Hill allegedly committed the crimes at issue between January 1, 2007, and June 30, 2011; he was indicted on January 18, 2012. The amendment to OCGA § 5–7–2 became effective July 1, 2012. Therefore, the determinative jurisdictional question is whether the amendment applies retroactively.
It is well settled that
[a] statutory amendment may be applied retroactively if the changes do not affect constitutional or substantive rights and if the legislature did not express a contrary intention. Substantive law is that law which creates rights, duties, and obligations.... Procedural law is that law which prescribes the methods of enforcement of rights, duties, and obligations.
(Punctuation and footnotes omitted.) Williams v. State, 297 Ga.App. 626, 627, 677 S.E.2d 773 (2009).
Here, the amended OCGA § 5–7–2 does not, on its face, address whether its procedural aspects are to apply retroactively. “[I]n attempting to ascertain legislative intent of a doubtful statute, a court may look to the caption of the act and its legislative history.” (Citation omitted.) Fulton County v.
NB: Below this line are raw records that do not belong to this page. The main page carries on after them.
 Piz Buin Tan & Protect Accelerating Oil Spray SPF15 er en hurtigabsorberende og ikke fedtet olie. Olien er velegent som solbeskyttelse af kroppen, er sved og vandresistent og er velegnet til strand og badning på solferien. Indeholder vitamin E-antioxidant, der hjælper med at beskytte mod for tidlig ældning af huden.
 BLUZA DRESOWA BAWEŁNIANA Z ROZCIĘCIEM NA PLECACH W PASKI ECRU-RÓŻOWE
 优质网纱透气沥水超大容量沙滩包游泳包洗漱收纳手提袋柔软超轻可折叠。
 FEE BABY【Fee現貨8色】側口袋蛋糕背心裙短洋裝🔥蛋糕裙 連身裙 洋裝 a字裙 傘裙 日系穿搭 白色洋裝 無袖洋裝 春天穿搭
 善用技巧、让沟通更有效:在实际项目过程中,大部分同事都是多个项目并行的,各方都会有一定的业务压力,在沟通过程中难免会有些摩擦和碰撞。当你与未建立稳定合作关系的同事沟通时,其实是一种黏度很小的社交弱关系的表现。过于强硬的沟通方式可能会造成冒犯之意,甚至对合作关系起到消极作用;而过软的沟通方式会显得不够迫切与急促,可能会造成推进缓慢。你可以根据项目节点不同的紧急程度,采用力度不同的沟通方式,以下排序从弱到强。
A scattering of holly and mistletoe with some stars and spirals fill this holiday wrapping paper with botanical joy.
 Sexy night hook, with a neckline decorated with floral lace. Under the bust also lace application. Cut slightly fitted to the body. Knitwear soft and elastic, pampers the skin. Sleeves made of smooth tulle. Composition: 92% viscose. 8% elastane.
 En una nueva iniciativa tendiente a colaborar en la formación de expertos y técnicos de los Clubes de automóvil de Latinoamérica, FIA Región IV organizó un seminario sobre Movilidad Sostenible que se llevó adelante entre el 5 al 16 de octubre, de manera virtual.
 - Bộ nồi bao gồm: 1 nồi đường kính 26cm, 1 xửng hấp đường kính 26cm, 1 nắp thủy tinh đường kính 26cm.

Colon, 316 Ga.App. 883, 887(2), 730 S.E.2d 599 (2012). Further, it is well settled that the cardinal rule of statutory construction is to discern the intent of the legislature, and if the legislative intent is clear and expressed unambiguously, no interpretation is needed prior to a court executing its duty to enforce the statute. Daugherty v. Norville Indus., Inc., 174 Ga.App. 89, 90, 329 S.E.2d 202 (1985).
Here, the legislature plainly and unambiguously expressed its intent in the relevant legislative history, which provides in pertinent part, “this Act shall become effective on July 1, 2012, and shall apply to offenses which occur on or after that date. Any offense occurring before July 1, 2012, shall be governed by the statute in effect at the time of such offense.” (Emphasis supplied.) Ga. L. 2012, p. 899, § 9–1(a). See also id. at §§ 1–1, 1–2.
“Where a statute governs only court procedure ... it is to be given retroactive effect absent an expressed contrary intention.” (Footnote omitted; emphasis supplied.) Williams, supra. Here, the legislature expressed such a contrary intention as to the effective date of the statute as a whole. Thus, the version of OCGA § 5–7–2 in effect at the time the offenses were committed applies. “The State having failed to obtain a certificate of immediate review pursuant to OCGA § 5–7–2, the attempted appeal is nugatory and does not activate the appellate jurisdiction of this Court.” (Citation and punctuation omitted.) State v. Ware, 282 Ga. 676, 678, 653 S.E.2d 21 (2007).
Appeal dismissed.
BARNES, P.J., and MILLER, J., concur.